Beliau mengiyakan dengan isyarat kepala. Maka aku menyerahkannya kepada beliau dan menngosokkannya ke mulut beliau. Rupanya gosokanku terlalu keras bagi beliau. Aku bertanya,”Apakah aku harus memelankannya?” Beliau mengiyakan dengan isyarat kepala. Maka aku menggosok dengan pelan-pelan sekali. Di dekat tangan beliau saat itu ada bejana berisi air. Beliau mencelupkan kedua tangan ke dalam air lalu mengusapkannya ke wajah. Sambil berkata,”tiadailah yang berhak disembah selain Allah. Sesungguhnya kematian itu ada sekaratnya.”

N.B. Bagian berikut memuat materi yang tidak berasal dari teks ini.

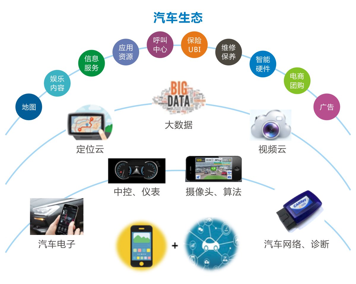 在汽車(chē)互聯(lián)網(wǎng)+領(lǐng)域,以手機和車(chē)的結合為主軸,依托總線(xiàn)技術(shù)、無(wú)線(xiàn)互聯(lián)技術(shù),依托自身在汽車(chē)各領(lǐng)域的產(chǎn)品切入汽車(chē)內部,構建汽車(chē)與云端平臺的管道,建立汽車(chē)生態(tài)及大數據平臺,提升附加值,為用戶(hù)提供最佳的行車(chē)體驗。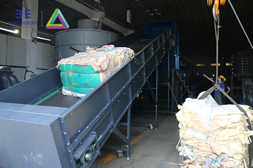 該設備適用于各種打包或成捆的農膜,噸袋等的預碎。 通常用于打包薄膜類回收解決方案的前端。 針對泥沙含量大的物料設計,能一次性將整包物料打散并剪切成均勻的尺寸,便于對泥沙進行預處理掉,減少后端主機的磨損。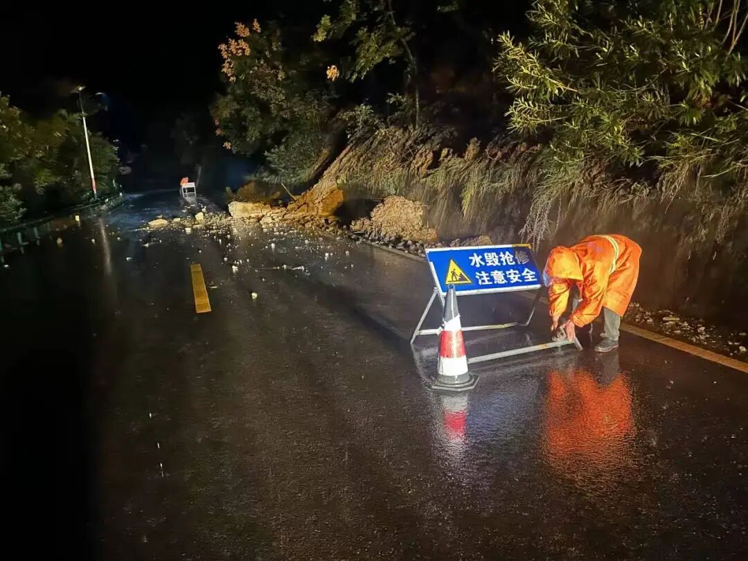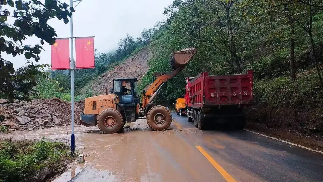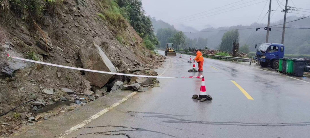 及时清理因雨塌方受阻路段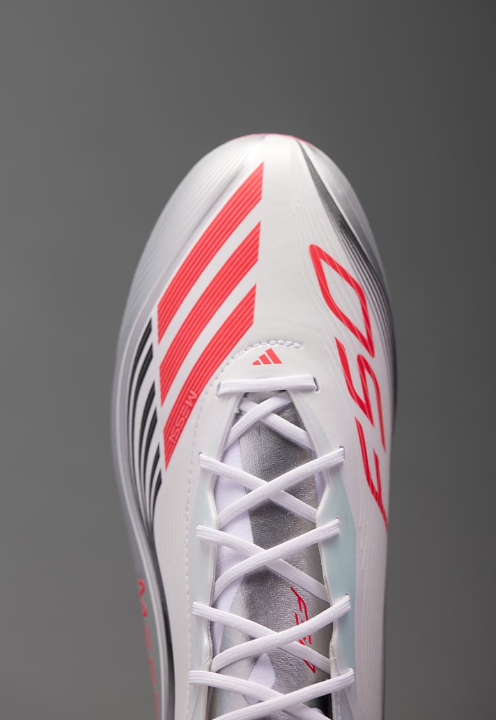 For those with sharp eyes and sharper memories, the aesthetic of the Prestig10 boots will instantly ring bells. Inspired by the iconic F50 Tunit from 2007–2009, the design reimagines a cult classic for the modern era. The black wave graphic cascading through the upper recalls those golden days of early Messi, while bold red Three Stripes at the toe punch through the white and silver base with contemporary energy. It’s vintage recharged—heritage made high-tech.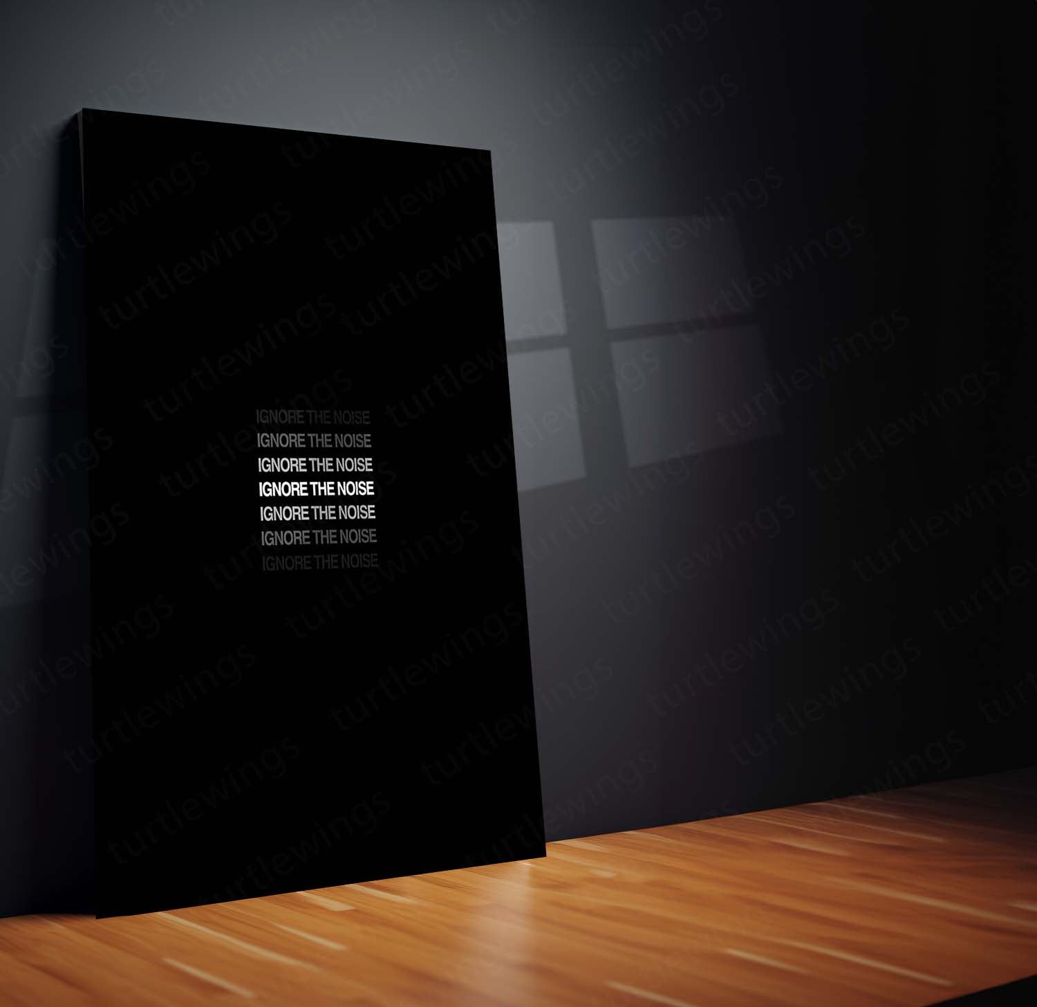 The “Ignore the Noise” Metal Poster by TurtleWings is a minimalist, high-impact artwork designed for those who stay locked in on their goals. With a clean black background and repeated typography fading into focus, this design visually represents clarity, discipline, and mental strength.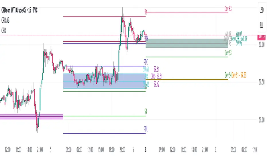 1. CPR with traditional support and resistance levels (S1-S4 & R1-R4).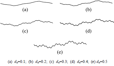 was used, in which Wn is the affine transformation in R2 and the attractor is the fractal graphics with interpolation points [(0,2), (1,1.8), (2,2), (3,2.2), (4,2)]. Based on the principle and method of fractal interpolation mentioned above, the software MATLAB was used to obtain the fractal curves with different vertical scaling factors (Fig. 3).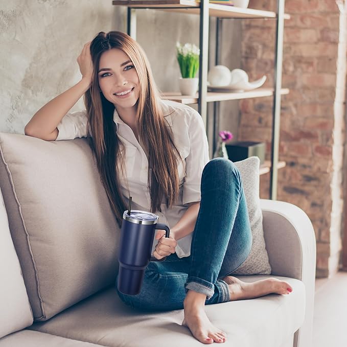 DOMICARE 40 oz Tumbler with Handle and Straw, Stainless Steel Tumbler with Lid and Straw, Reusable Vacuum Insulated Cup, Travel Coffee Mug, Navy Blue, 1Pack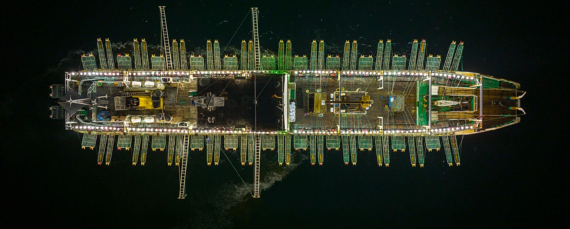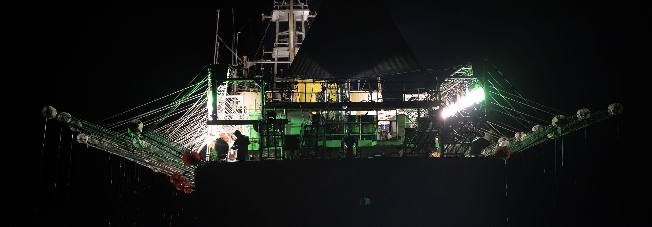A distant-water fishing vessel fishing for squid near the Galápagos Islands.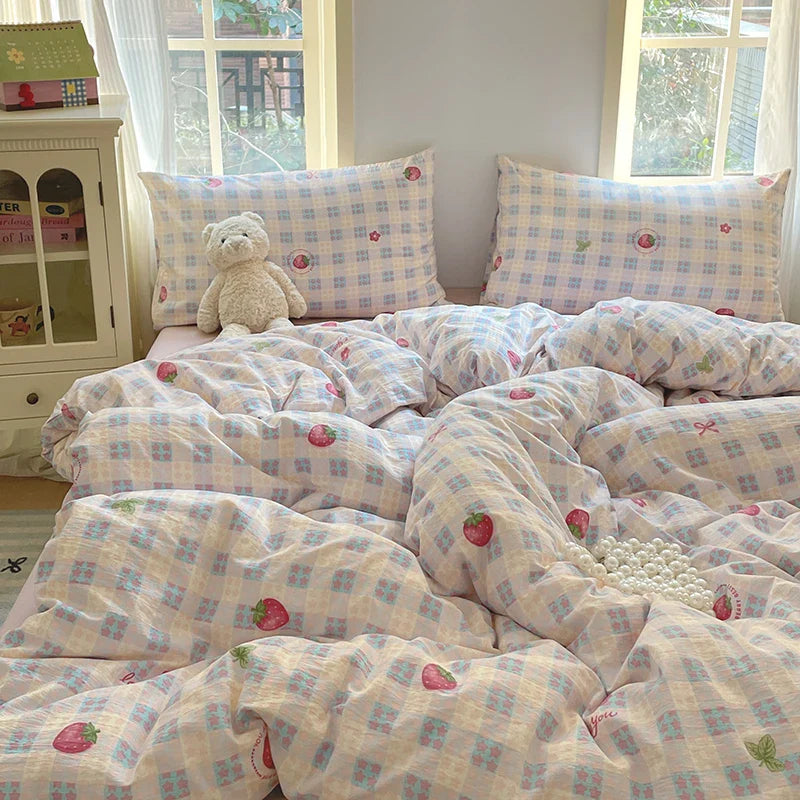 Kawaii Strawberry Bedding Set Kids Adults Duvet Cover and Flat Sheet Pillowcase Single Double Full Size Girls Bed Linen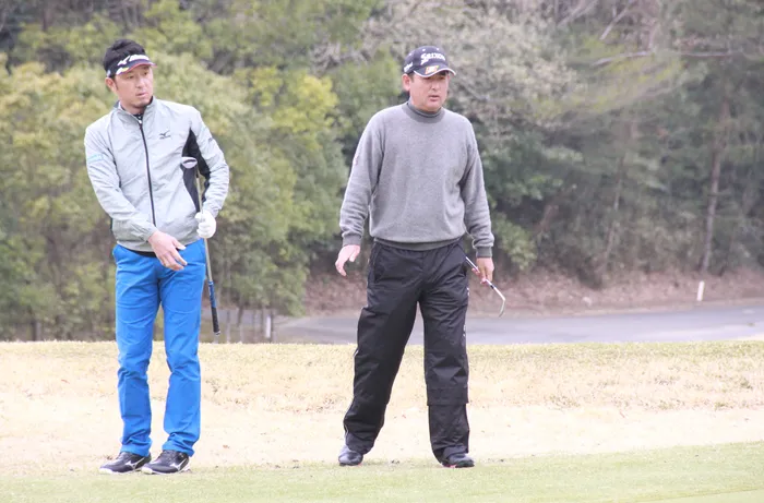 アプローチの調整を行う、高橋竜彦と小林正則

Usai bersiwak, beliau mengangkat tangan atau jari-jari   Mengarahkan pandangan ke arah langit-langit rumah dan kedua bibir beliau bergerak-gerak. Aisyah masih sempat mendengar sabda beliau pada saat-saat itu, “Bersama orang-orang yang Engkau beri nikmat atas mereka dari pada nabi, siddiqin, syuhada, dan Shalihin. Ya Allah, ampunilah dosaku dan rahmatilah aku. Pertemukanlah aku dengan kekasih yang maha tinggi, ya Allah, kekasih yang maha tinggi.” Kalimat yang terakhir ini diulang hingga tiga kali yang disusul dengan tangan beliau yang melwmah.

Innalilahi wa Inna ilaihi Raji’un. Beliau telah berpulang kepada kekasih yang maha tinggi. Hal ini terjadi saat pagi sudah terasa panas, pada senin 12 Rabi’ul Awwal 11 H. Beliau wafat pada usia 63 tahun lebih empat hari.